**WHAT IS BEING ASKED**
An exact transcription of the lines from the one holding "Make a sparkling" to the end of the entries below, and nothing more, is the required answer. Please omit the pictures.
[MATERIAL FOR THIS TASK Boundary: Start]
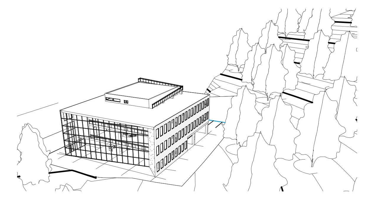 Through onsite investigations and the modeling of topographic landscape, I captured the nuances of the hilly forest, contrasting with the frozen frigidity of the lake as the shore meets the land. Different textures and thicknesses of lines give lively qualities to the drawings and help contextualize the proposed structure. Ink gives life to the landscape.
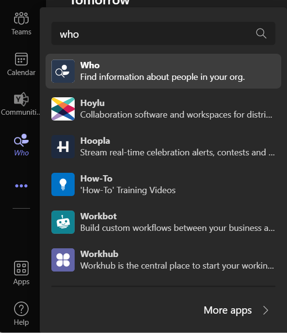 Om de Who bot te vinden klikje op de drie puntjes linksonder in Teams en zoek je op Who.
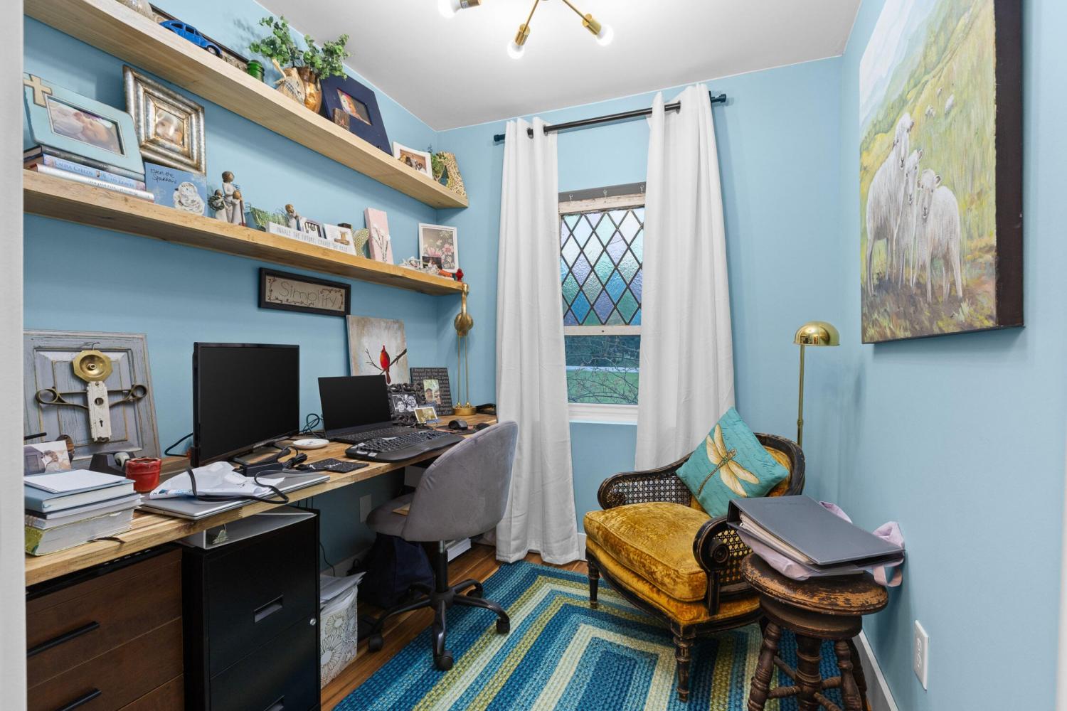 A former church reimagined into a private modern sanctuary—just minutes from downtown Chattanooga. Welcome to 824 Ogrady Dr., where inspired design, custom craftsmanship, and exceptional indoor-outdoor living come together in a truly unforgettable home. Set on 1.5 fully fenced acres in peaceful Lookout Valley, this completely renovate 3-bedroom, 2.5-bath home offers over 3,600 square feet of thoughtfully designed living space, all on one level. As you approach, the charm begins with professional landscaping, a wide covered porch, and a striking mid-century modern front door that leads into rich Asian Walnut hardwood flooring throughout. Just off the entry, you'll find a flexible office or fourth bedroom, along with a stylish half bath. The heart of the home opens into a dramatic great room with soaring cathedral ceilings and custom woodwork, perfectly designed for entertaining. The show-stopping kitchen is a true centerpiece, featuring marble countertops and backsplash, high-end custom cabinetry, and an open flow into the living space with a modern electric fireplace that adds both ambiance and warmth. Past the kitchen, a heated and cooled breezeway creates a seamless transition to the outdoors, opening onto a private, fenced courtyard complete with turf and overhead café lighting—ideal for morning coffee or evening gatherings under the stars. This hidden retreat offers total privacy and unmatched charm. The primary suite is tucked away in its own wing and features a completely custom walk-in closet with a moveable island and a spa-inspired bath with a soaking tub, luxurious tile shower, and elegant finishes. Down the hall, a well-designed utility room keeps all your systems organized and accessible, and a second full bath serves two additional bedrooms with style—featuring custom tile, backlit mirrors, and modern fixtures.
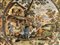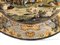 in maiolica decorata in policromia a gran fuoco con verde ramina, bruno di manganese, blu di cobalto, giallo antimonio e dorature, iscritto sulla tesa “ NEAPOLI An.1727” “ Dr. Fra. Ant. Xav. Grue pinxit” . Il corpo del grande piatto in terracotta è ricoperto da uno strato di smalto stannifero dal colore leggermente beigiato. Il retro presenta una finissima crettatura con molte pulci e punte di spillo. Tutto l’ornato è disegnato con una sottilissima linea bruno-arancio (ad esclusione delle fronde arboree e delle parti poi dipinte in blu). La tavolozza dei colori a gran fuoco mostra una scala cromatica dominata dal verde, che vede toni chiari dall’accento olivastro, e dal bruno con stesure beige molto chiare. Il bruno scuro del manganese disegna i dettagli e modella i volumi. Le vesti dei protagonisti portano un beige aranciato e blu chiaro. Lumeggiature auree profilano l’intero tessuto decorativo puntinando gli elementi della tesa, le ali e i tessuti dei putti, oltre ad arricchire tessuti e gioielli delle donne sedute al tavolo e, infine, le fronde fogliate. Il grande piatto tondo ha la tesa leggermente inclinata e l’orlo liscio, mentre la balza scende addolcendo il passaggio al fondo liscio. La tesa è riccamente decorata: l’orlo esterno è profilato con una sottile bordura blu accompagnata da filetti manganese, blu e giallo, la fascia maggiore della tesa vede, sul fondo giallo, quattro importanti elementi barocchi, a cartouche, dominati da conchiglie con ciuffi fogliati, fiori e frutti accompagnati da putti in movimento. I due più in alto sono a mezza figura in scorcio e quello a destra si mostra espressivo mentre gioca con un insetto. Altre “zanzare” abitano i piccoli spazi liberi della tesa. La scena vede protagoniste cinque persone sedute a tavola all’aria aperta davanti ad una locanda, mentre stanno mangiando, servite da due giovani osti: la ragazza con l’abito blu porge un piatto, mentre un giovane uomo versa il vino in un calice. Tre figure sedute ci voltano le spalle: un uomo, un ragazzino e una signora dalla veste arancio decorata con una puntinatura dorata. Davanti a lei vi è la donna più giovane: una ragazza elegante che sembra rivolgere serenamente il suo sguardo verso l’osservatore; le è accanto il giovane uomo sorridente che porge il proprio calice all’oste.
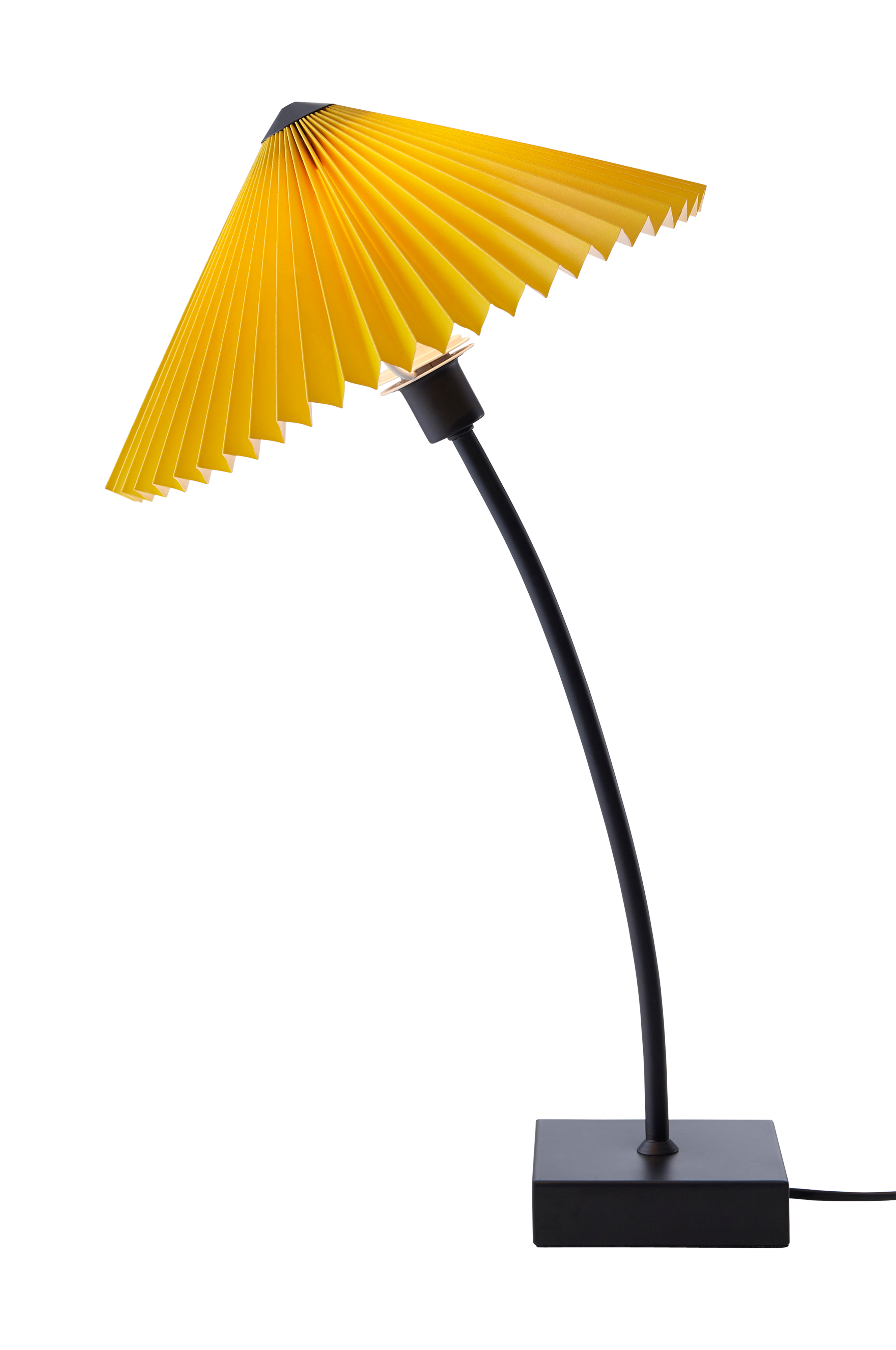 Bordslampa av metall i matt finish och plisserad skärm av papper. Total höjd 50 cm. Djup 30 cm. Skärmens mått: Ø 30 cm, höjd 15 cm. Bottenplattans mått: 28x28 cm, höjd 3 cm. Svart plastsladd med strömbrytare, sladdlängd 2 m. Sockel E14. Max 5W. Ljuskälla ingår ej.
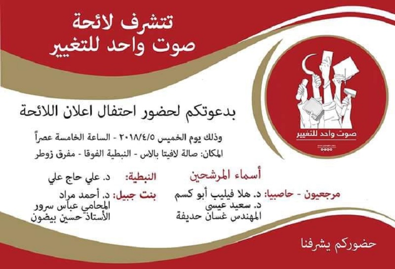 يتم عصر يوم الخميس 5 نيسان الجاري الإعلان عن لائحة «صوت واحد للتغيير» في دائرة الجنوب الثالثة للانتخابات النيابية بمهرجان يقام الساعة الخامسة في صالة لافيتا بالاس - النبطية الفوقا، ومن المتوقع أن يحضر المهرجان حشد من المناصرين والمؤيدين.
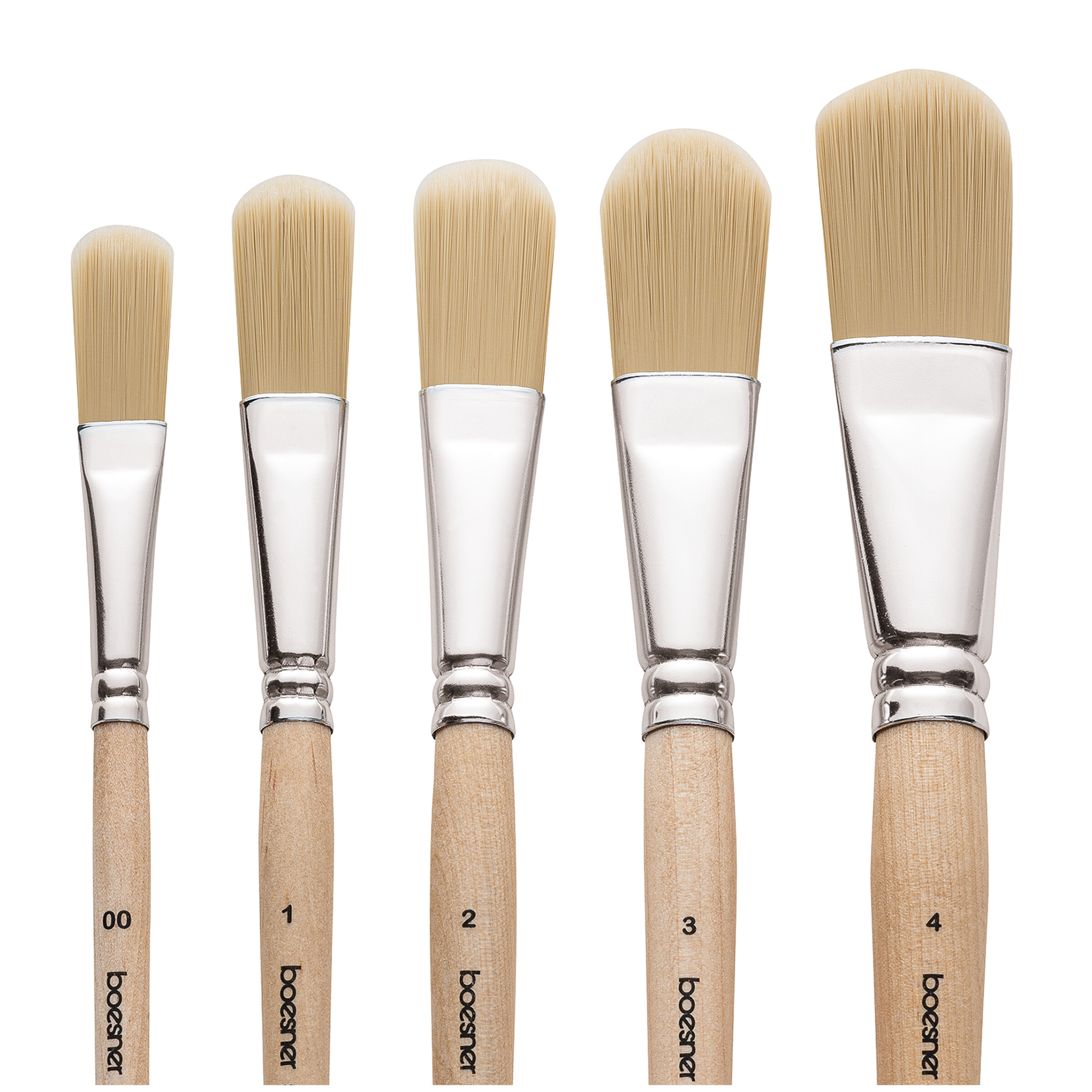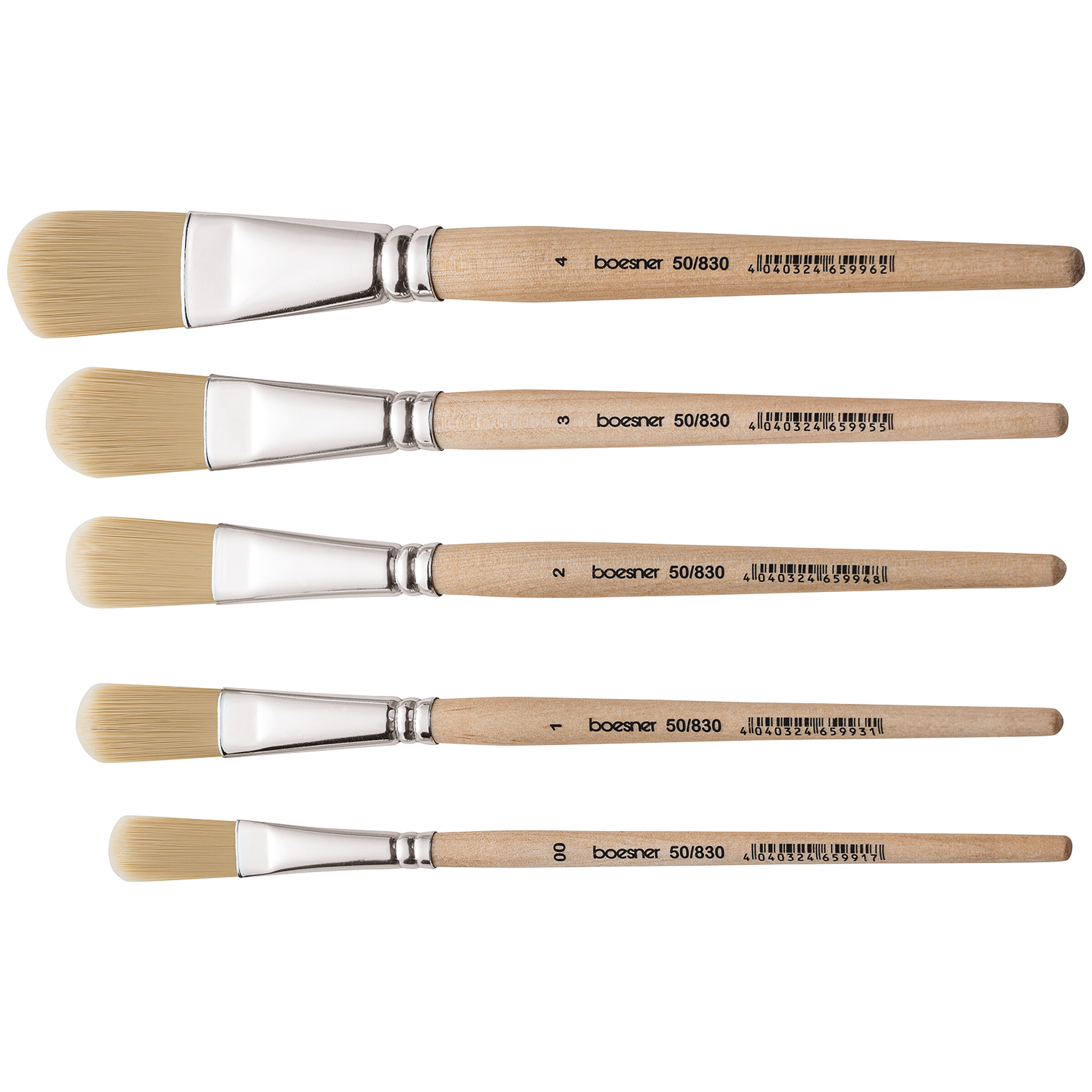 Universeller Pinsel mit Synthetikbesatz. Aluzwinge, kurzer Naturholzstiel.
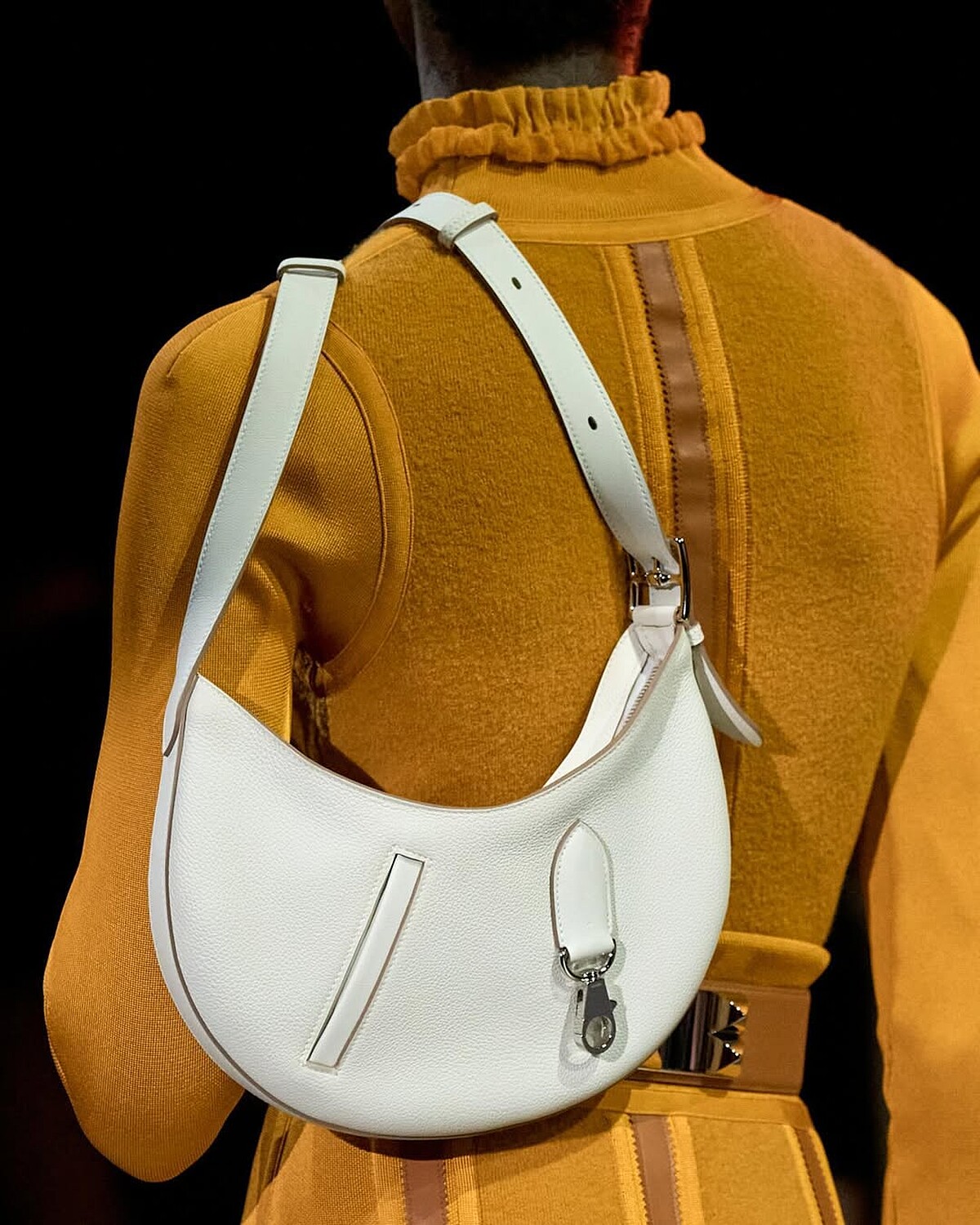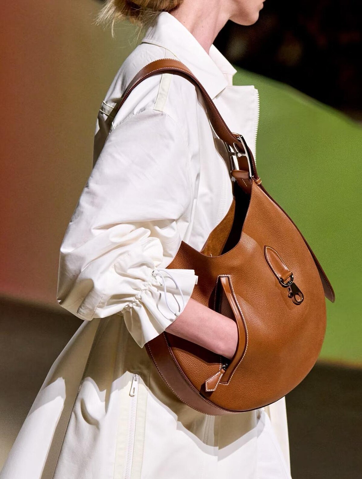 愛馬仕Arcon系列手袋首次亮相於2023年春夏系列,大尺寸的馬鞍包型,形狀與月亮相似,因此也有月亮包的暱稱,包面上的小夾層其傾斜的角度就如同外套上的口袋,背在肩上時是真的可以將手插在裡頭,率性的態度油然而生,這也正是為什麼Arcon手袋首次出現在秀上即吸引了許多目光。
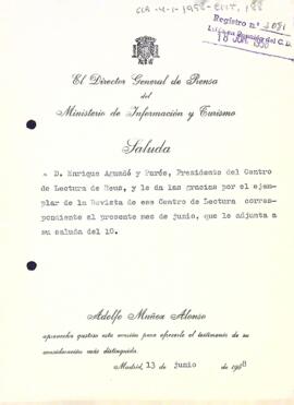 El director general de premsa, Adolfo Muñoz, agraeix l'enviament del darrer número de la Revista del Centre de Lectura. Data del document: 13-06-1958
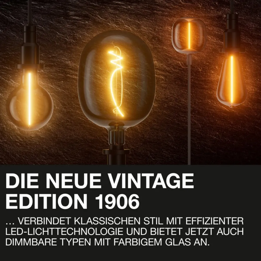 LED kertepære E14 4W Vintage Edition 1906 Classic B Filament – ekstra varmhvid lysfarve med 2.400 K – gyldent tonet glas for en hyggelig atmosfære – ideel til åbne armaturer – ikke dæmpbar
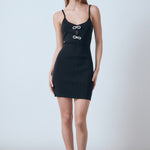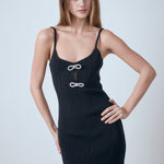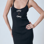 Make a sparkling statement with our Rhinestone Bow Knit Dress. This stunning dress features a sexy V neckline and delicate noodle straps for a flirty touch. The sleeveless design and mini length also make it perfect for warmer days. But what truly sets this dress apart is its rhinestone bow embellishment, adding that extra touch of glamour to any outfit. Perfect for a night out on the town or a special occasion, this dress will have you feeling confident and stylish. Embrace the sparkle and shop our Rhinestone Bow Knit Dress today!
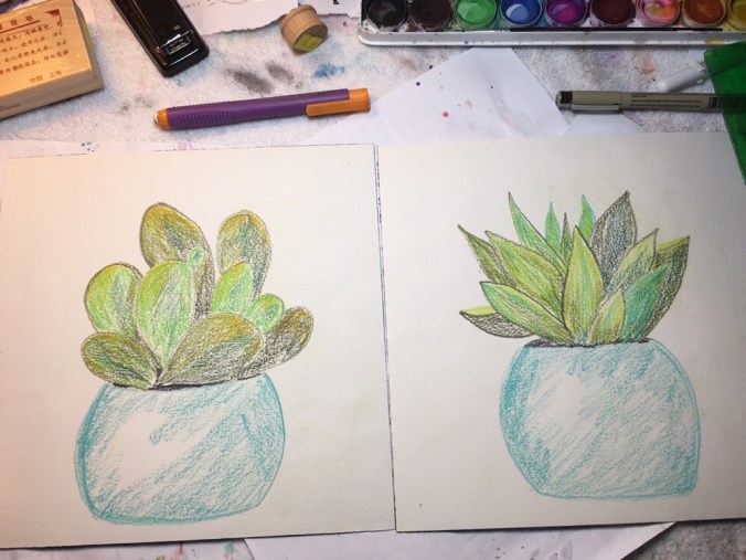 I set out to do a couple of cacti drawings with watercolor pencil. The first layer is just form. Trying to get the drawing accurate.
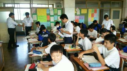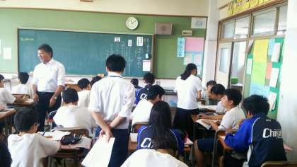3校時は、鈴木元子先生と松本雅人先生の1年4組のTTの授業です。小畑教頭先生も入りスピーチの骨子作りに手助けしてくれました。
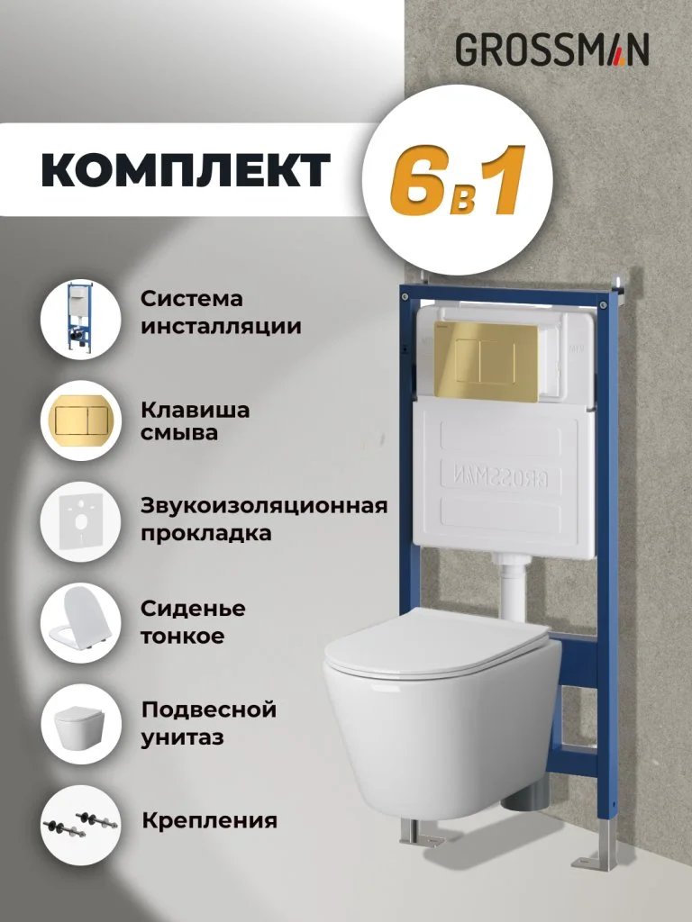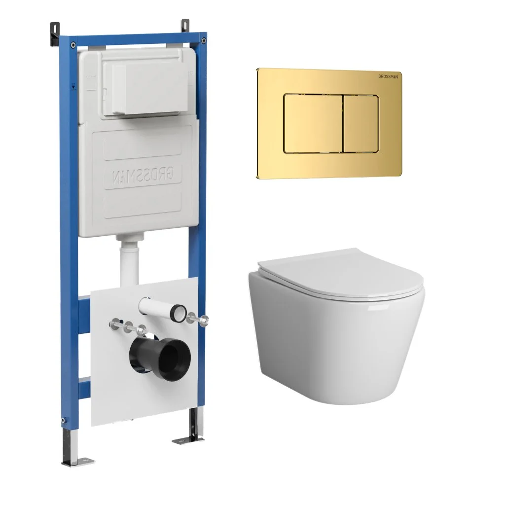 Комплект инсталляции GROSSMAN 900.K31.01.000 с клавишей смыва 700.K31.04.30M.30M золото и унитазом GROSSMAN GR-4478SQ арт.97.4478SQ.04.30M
[MATERIAL FOR THIS TASK Boundary: End]
**ANSWER TO THE PROBLEM**
 Make a sparkling statement with our Rhinestone Bow Knit Dress. This stunning dress features a sexy V neckline and delicate noodle straps for a flirty touch. The sleeveless design and mini length also make it perfect for warmer days. But what truly sets this dress apart is its rhinestone bow embellishment, adding that extra touch of glamour to any outfit. Perfect for a night out on the town or a special occasion, this dress will have you feeling confident and stylish. Embrace the sparkle and shop our Rhinestone Bow Knit Dress today!
 I set out to do a couple of cacti drawings with watercolor pencil. The first layer is just form. Trying to get the drawing accurate.
3校時は、鈴木元子先生と松本雅人先生の1年4組のTTの授業です。小畑教頭先生も入りスピーチの骨子作りに手助けしてくれました。
 Комплект инсталляции GROSSMAN 900.K31.01.000 с клавишей смыва 700.K31.04.30M.30M золото и унитазом GROSSMAN GR-4478SQ арт.97.4478SQ.04.30M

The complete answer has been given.